Follow your nose to prized truffles
Where: Manjimup, a 1.5-hour drive east of Margaret River
In Manjimup, a gourmet delicacy grows beneath the earth. Referred to as 'black gold,' truffles bring an enticing richness to almost any dish. On a truffle hunt, you'll follow your canine friends as they sniff out the prized ingredient. After harvesting the savoury mushrooms from the ground, you'll indulge in a tasting experience complete with truffles and wine.
Fill your own seafood basket
Lapped by clear blue waters on one side and desert sands on the other, the Eyre Peninsula is often called Australia’s seafood frontier. Nearly 70 per cent of the country’s entire haul comes from here – but this laid-back region feels a million miles away from the fine-dining restaurants that clamour for its bounty. One of the best ways to experience it is on a tour that lets you source your own feast. Head out from Port Lincoln to fossick for pipis (cockles) in the sand, snorkel for abalone and pull Australian salmon from the waves. Your catch goes straight on the barbecue and is served to the best seat in the house: an empty beach, with only your fellow diners and the odd dolphin sharing the view.
Learn how to survive in the forest
As autumn moves in, this area of Australia really comes into its own. Along with the blaze of autumn foliage, the region’s cooler climate brings with it a precious crop of slippery jack and pine mushrooms – a dream variety for any chef. To find these tasty morsels, join a foraging excursion into the forests. As mists lift off the fields, your small group will set off into the trees clutching wicker baskets to learn how to safely identify edible fungi hidden in the undergrowth.
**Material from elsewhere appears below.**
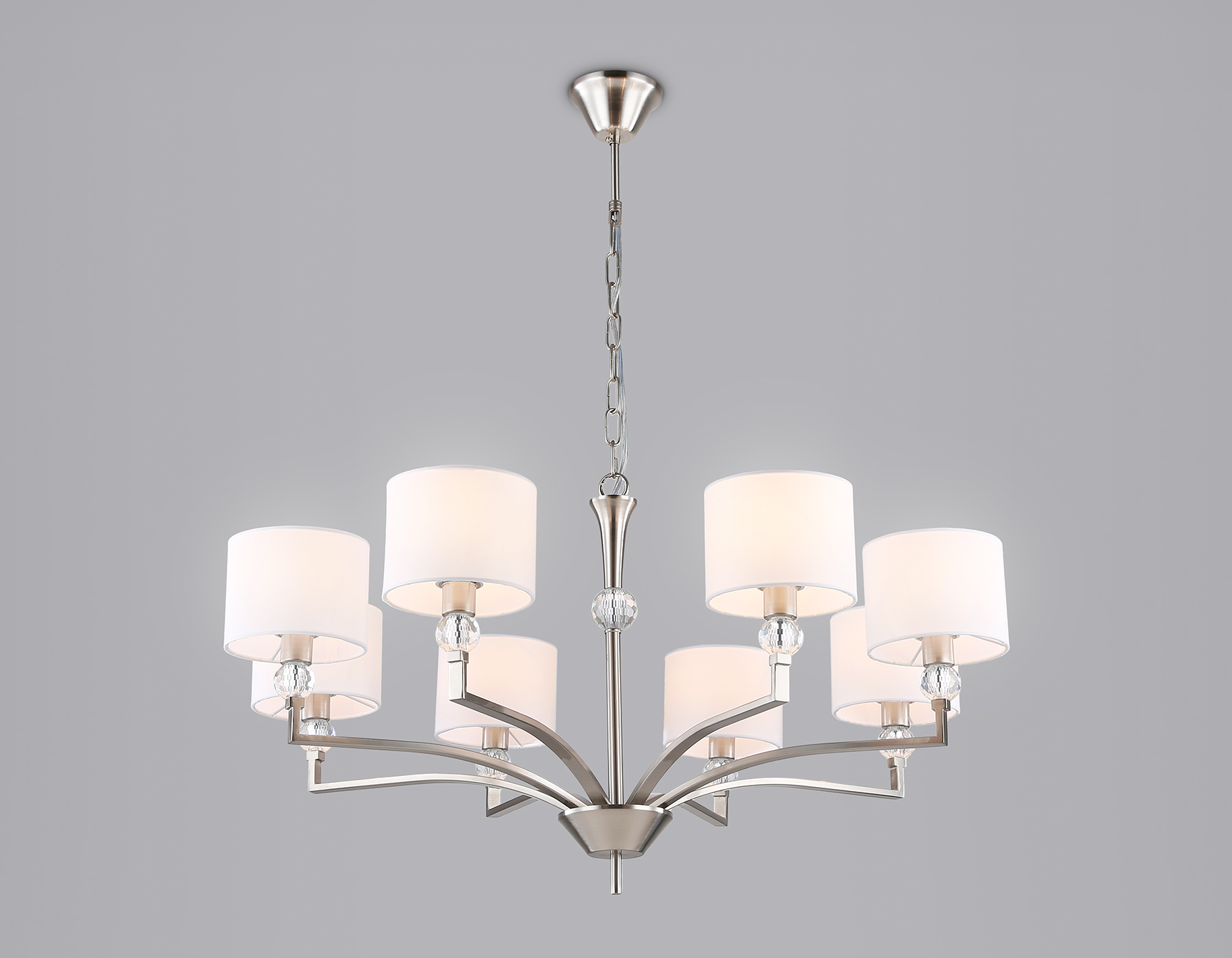 Подвесная люстра с абажурами из коллекции HIGH LIGHT. Модель LH71123 представлена в классическом стиле. Люстра выполнена из тканевых плафонов белого цвета и декорирована превосходным прозрачным хрусталем, каркас изготовлен из металла цвета никель. Для данной модели подойдут лампы с цоколем Е14. Люстра будет прекрасным дополнением в любом помещении.

Once the baskets are brimming, your finds will be cooked up with lashings of butter and salt to be eaten piping hot as the morning chill gives way to the afternoon sun.
Become the Bear Grylls of the mangroves
Over thousands of years, the Bardi people have learned to read the secrets of the Dampier Peninsula. Subtle cues – from the blooming of the wattle to the slightest shift in the seasons – tell the Bardi, or “Salt Water People” from the Aboriginal community of Lombadina, what’s on the menu. To learn how to read the land as they do, join them on a tour with a delicious ending. Some 155km (96mi) north of Broome, where bone-white sands and red cliffs meet turquoise ocean, Lombadina’s guides take visitors out in search of a local delicacy: mud crab. You’ll learn how to find your quarry in the roots, hook it and truss it for the trip back to the township, where it’s put straight to good use in a seafood lunch cooked over the coals.
Taste only-in-Australia ingredients
Where: Kakadu National Park, just under two hours from Darwin
Australia's First Nations people have been foraging for tens of thousands of years. They are the country's first chefs, with incredible knowledge about how to utilise the bounty that nature provides. Wander through the bush with an Aboriginal guide and you'll get hands-on experience in foraging for fruits, native carrots, edible grubs and more – foods you'll only find in Australia. Then, your haul is cooked up over the daily sunset campfire and served with two outback favourites – billy tea (cooked in a metal can) and damper (bread cooked in the campfire).